Friday, 4 December 2015

Woodland Stroll Cape


Remember how I said that, having finished my sailboat raincoat, I was surprised to find that I didn't hate the thought of ever making another coat or jacket again? Well, I tested that revalation by jumping into my next planned outerwear project, the Woodland stroll cape pattern (as outlined in my nippy weather sewing plans). 


Pattern:

I've had a hankering to make myself a cape for years, but struggled to find quite the right pattern for the task. As much as I like the look of most cape sewing patterns, they often seem pretty restrictive and therefore unwearable, IMO. However, the Woodland Stroll Cape sewing pattern by Liesl + Co (pictured below) seemed like it might actually allow you to do things other than stand still and gaze at stuff. Around the time I found this pattern (probably via Pinterest), I also discovered the equally awesome Tessuti New York Cape pattern which pretty similar but it has a hood. After an extensive internal debate, I went with the Woodland Stroll one because it included a lining. If I'm going to make outerwear, it had better bloody keep me at least vaguely warm! PLUS, having used a few Oliver + S patterns (the children's patterns counterpart to the Liesl + Co range) and been super impressed by their instructions, I knew that I'd be getting a little sewing lesson thrown in if I bought that one. This one lived up to my expectations, and I definitely felt cleverer after I completed this project!


I'm really pleased that I read the post by Sarah from Fabric Tragic about her fabulous (also checked) version of this pattern before I cut mine out. She drafted a front facing for hers (the pattern includes a back neck facing but has the front lining attached at the very edge of the front edges) which seemed like a wonderful idea, so I followed suit. Thanks Sarah for the tip! I'm so glad I did as it gives the whole thing more body and feels more snuggly around the neck/throat area.


Aside from the front facing, the only place I deviated from the pattern and instructions was with the buttons. The pattern calls for three buttons (or buckles) down the front but I went with four because I thought that looked nicer. I also stitched the underarm buttons on through both layers, rather than creating buttonholes as the pattern suggests. I knew I was never going to undo those underarm buttons, so making functioning buttonholes seemed a bit of a waste of time.

Fabric:

This piece of checked wool (actually, it may not be wool) has been in my stash for about four years and I am unnecessarily excited to have finally used it. It was the very end of a roll that had been donated for us to use when I worked for TRAID. It was a small piece (maybe about 1.2m), too small for making anything to sell from it, but I loved it too much to stick it in the bag with the other off-cuts to be shredded and recycled. As it was too small for any other jacket-y type pattern I encountered and too thick to be appropriate for a different type of garment to be made from it, it has hung around all this time as I lamented it dormancy (is that a word? I could easily find out I guess if I could be bothered, I'm clearly sitting in front of a computer).

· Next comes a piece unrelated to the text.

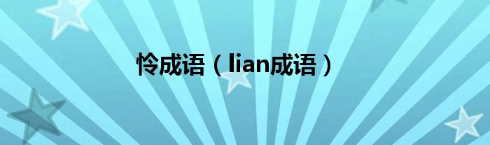 大家好,小晋来为大家解答以下问题,关于怜成语,lian成语很多人还不知道,今天让我们一起来看看吧!

Anyways, you can imagine my excitement when I realised that, with care, I would have enough of it for this cape pattern! I was able to pattern-match at the centre front and at the side seams, but it's all over the place at the shoulder seams and I couldn't give a monkeys. The fabric is soooo snuggly that wearing it feels like I'm receiving a constant, low-level hug.  

The lining, sadly, I had to buy. I didn't have anything even vaguely matching in my stash. Because the lining goes right up to the edges around the whole hem, I knew it would probably be visible from time to time, so I didn't want anything contrasting. I found this grey (acetate?) lining in Ditto fabrics in Brighton after my classes at MIY Workshop one Saturday. I was thrilled to find this lining because their selection isn't huge and it was just the right tone and it had a tiny checked print which references the outer fabric nicely.


Thoughts:

This cape has turned out better than I could have hoped for and I'm beyond happy that I finally got to deploy my beloved checked fabric piece. Before the temperature really dropped last month, I wore this pretty much every day with my fabulous mustard wrist warmers that my friend Michelle knitted for me years ago. I've already turned two of my regular students at the MIY Workshop on to this pattern as it is a fantastic outerwear sewing pattern to cut your teeth on. There are no darts, no sleeves and no collars to worry about; just buttonholes and a lining remain to freak you out/conquer! 


Cost: 

Pattern: $12.95 (about £8.60) from here as a PDF
Outer fabric: £0
Lining: £4.50 from Ditto Fabrics
Buttons: £2.60-ish from my local haberdashery, Thimbelinas (how good it that name?!)
Total: £15.70

A fairly pricey make for me, and it involved buying way more 'new' stuff than I tend to feel comfortable with, but I think it was worth it because I know the final result will get a lot of use. After four years of hard service and approx. 350,000 wears, my Captain jacket is starting to get very ratty, so this may well fill the void that otherwise my wardrobe would be about to experience. 


26 comments:

didyoumakethat said...

Zoe, I think this is wonderful! So glad to hear about a wearable cape. I agree. I always look at them and think, 'But how do you put your handbag over your shoulder?' Or, as you say, move. It's a really beautiful make. You're tempting me to make this!

jain1023 said...

The cape is beautiful, a year ago I found almost the same pattern (for free...) With a sewalong (but it is not in English) i was planing to sew it since, but after seing your cape, i will definitelly make it first in the pile ;)
http://www.betsy.es/capa-christine/?utm_source=blog&utm_medium=pdf-pattern&utm_campaign=capa-christine

Anonymous said...

What a beautiful cape - I love your checked fabric! I've made two woodland capes for myself and one for my mum for Christmas last year. I agree it's a lovely pattern and I always feel so cosy in mine.

Cherie said...

What a lovely cape from a terrific fabric! It fits you perfectly, and it does look easy to move in! How nice to find a pattern to use a small remnant.

Sewing Sveta said...

approx. 350,000 wears

How much wears?%)))

Louise Perry said...

You look so stylish is this cape, and I would say £15 for outerwear is really good value. Glad your fabric finally found its purpose!

Miriam said...

gorgeous! well done you - I agree about the cape thing too they are quite impractical to wear and imo also tend to only look good in a photo shoot. This is a cape that works and wears well x

Claire Sutherland said...

Love your cape. I just finished mine and love it. I also used a wool check and am really happy with the result. Like you I couldn't match the arm seams with the fabric I had but everything lines up at the front which is what matters! I have some red fleece and may try a fleece version next .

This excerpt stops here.